_YOUR ASSIGNMENT_.
Where a line of the records holds the string "Волна", copy that line.

________

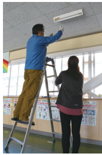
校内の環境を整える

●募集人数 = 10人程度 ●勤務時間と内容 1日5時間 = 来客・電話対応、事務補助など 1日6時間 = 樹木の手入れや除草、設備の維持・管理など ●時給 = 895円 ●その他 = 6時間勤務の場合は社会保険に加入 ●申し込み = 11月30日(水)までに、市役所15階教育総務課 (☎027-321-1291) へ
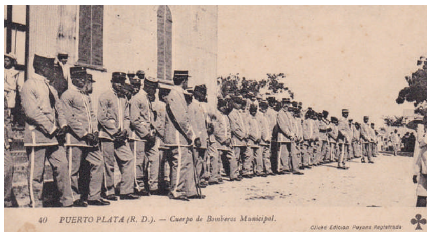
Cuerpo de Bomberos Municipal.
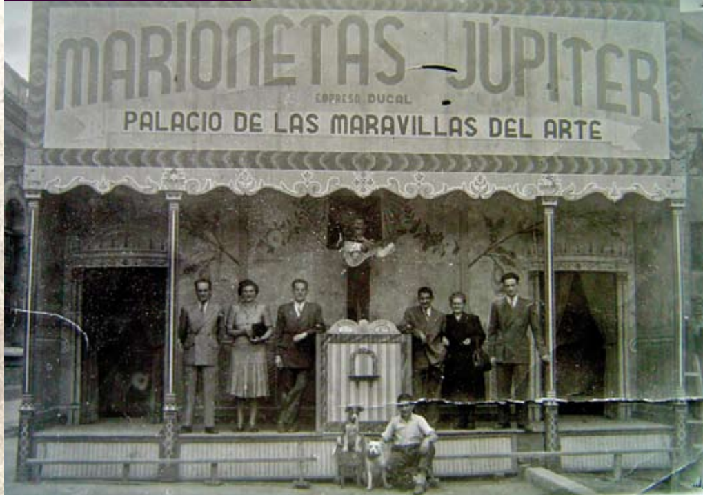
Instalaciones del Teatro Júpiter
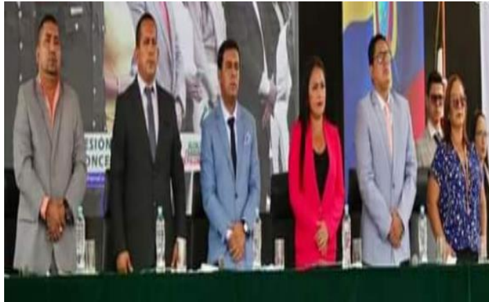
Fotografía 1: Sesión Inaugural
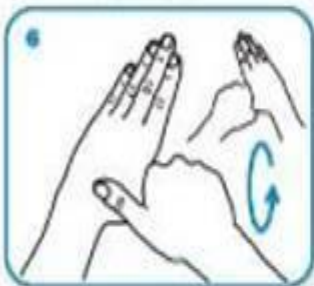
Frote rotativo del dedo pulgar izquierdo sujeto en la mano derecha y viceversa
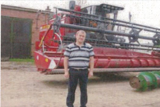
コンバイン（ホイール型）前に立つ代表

________

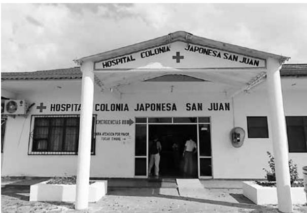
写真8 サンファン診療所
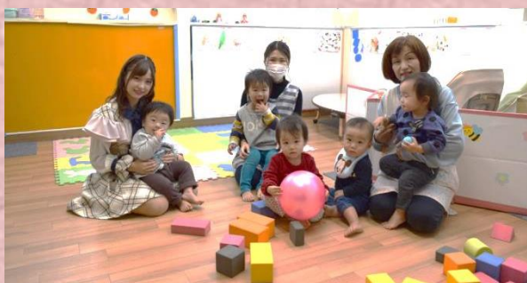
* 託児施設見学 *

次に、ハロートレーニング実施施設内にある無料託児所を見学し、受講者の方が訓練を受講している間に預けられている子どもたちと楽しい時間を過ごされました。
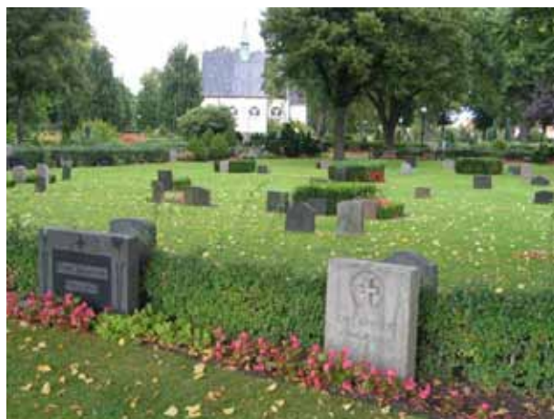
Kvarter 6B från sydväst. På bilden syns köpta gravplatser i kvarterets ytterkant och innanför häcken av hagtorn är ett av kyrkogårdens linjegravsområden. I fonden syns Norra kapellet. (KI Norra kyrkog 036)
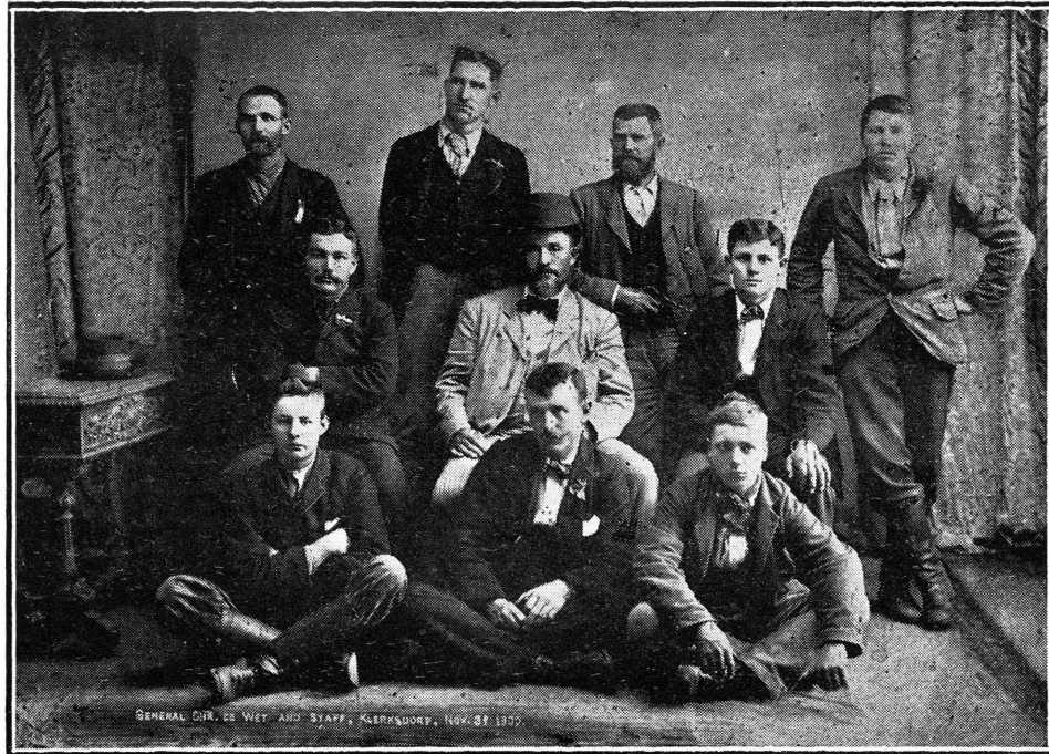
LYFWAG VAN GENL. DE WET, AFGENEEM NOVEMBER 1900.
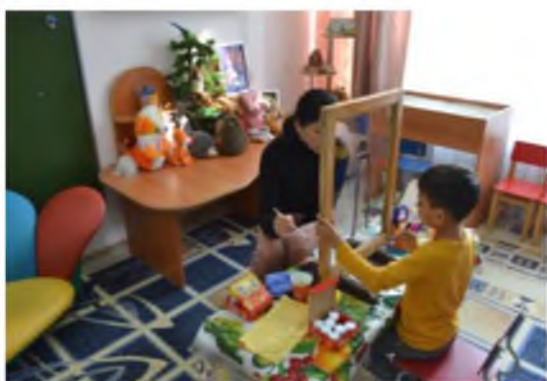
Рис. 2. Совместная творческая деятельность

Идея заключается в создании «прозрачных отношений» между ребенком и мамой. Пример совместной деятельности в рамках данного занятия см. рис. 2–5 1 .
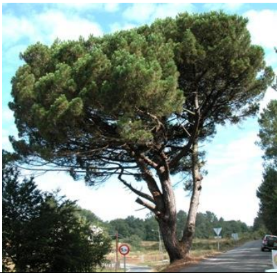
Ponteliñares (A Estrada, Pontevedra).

________

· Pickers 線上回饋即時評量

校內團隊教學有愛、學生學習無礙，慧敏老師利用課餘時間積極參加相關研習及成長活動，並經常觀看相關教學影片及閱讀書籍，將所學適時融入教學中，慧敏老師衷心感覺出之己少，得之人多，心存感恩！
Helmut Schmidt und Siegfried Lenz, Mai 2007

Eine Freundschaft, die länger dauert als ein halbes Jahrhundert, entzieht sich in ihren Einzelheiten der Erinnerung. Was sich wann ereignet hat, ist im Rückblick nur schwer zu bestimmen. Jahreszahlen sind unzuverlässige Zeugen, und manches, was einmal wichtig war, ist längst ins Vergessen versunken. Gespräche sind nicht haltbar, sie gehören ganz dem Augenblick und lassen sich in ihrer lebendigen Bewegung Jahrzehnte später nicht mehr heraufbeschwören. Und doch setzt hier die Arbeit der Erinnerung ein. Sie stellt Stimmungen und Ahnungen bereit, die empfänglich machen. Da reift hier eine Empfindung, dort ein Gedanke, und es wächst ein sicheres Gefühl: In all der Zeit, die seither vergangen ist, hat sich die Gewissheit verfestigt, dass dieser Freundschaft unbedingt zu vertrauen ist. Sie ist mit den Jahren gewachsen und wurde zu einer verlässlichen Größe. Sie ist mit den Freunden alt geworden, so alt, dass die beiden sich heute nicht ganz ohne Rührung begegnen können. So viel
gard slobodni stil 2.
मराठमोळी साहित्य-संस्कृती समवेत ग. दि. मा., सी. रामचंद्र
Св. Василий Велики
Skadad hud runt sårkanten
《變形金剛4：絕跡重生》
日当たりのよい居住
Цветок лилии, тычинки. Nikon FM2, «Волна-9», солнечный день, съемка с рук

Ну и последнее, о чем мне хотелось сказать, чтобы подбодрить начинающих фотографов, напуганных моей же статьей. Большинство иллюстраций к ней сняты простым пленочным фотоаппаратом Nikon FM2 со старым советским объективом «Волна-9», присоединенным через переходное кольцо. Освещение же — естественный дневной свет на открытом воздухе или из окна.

________

_PROBLEM SOLUTION_.
Цветок лилии, тычинки. Nikon FM2, «Волна-9», солнечный день, съемка с рук
Ну и последнее, о чем мне хотелось сказать, чтобы подбодрить начинающих фотографов, напуганных моей же статьей. Большинство иллюстраций к ней сняты простым пленочным фотоаппаратом Nikon FM2 со старым советским объективом «Волна-9», присоединенным через переходное кольцо. Освещение же — естественный дневной свет на открытом воздухе или из окна.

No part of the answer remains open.